3.5 Sound interference and resonance: standing waves in air columns  (Page 2/11)

Suppose we hold a tuning fork near the end of a tube that is closed at the other end, as shown in [link] , [link] , [link] , and [link] . If the tuning fork has just the right frequency, the air column in the tube resonates loudly, but at most frequencies it vibrates very little. This observation just means that the air column has only certain natural frequencies. The figures show how a resonance at the lowest of these natural frequencies is formed. A disturbance travels down the tube at the speed of sound and bounces off the closed end. If the tube is just the right length, the reflected sound arrives back at the tuning fork exactly half a cycle later, and it interferes constructively with the continuing sound produced by the tuning fork. The incoming and reflected sounds form a standing wave in the tube as shown.

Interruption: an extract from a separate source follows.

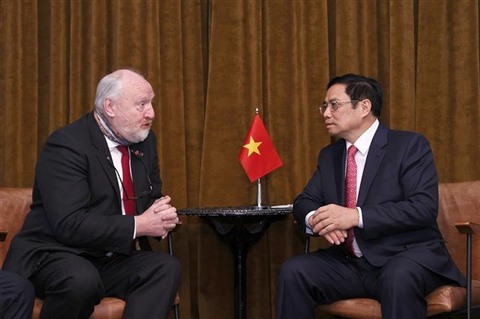 | Le Premier ministre Pham Minh Chinh (droite) et le président du Pacific Land Group, Patrick McKillen. |
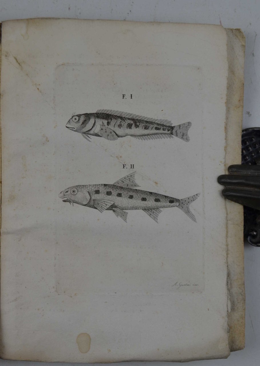 Cm. 19, pp. 152. Con una tavola fuori testo incisa in rame raffigurante due specie di pesci. Bross. originale ornata. Esemplare con qualche traccia d'uso, dorso rinforzato, peraltro marginoso e genuino, in discreto stato di conservazione. Edizione originale ed unica di quest'opera rara e molto interessante. Cfr. Ceresoli (433): "Dà un elenco dei pesci, crostacei e degli uccelli acquatici del lago di Garda".

The standing wave formed in the tube has its maximum air displacement (an antinode    ) at the open end, where motion is unconstrained, and no displacement (a node    ) at the closed end, where air movement is halted. The distance from a node to an antinode is one-fourth of a wavelength, and this equals the length of the tube; thus, $\lambda =4L$ . This same resonance can be produced by a vibration introduced at or near the closed end of the tube, as shown in [link] . It is best to consider this a natural vibration of the air column independently of how it is induced.

Given that maximum air displacements are possible at the open end and none at the closed end, there are other, shorter wavelengths that can resonate in the tube, such as the one shown in [link] . Here the standing wave has three-fourths of its wavelength in the tube, or $L=(3/4)\lambda \prime$ , so that $\lambda \prime =4L/3$ . Continuing this process reveals a whole series of shorter-wavelength and higher-frequency sounds that resonate in the tube. We use specific terms for the resonances in any system. The lowest resonant frequency is called the fundamental    , while all higher resonant frequencies are called overtones    . All resonant frequencies are integral multiples of the fundamental, and they are collectively called harmonics    . The fundamental is the first harmonic, the first overtone is the second harmonic, and so on. [link] shows the fundamental and the first three overtones (the first four harmonics) in a tube closed at one end.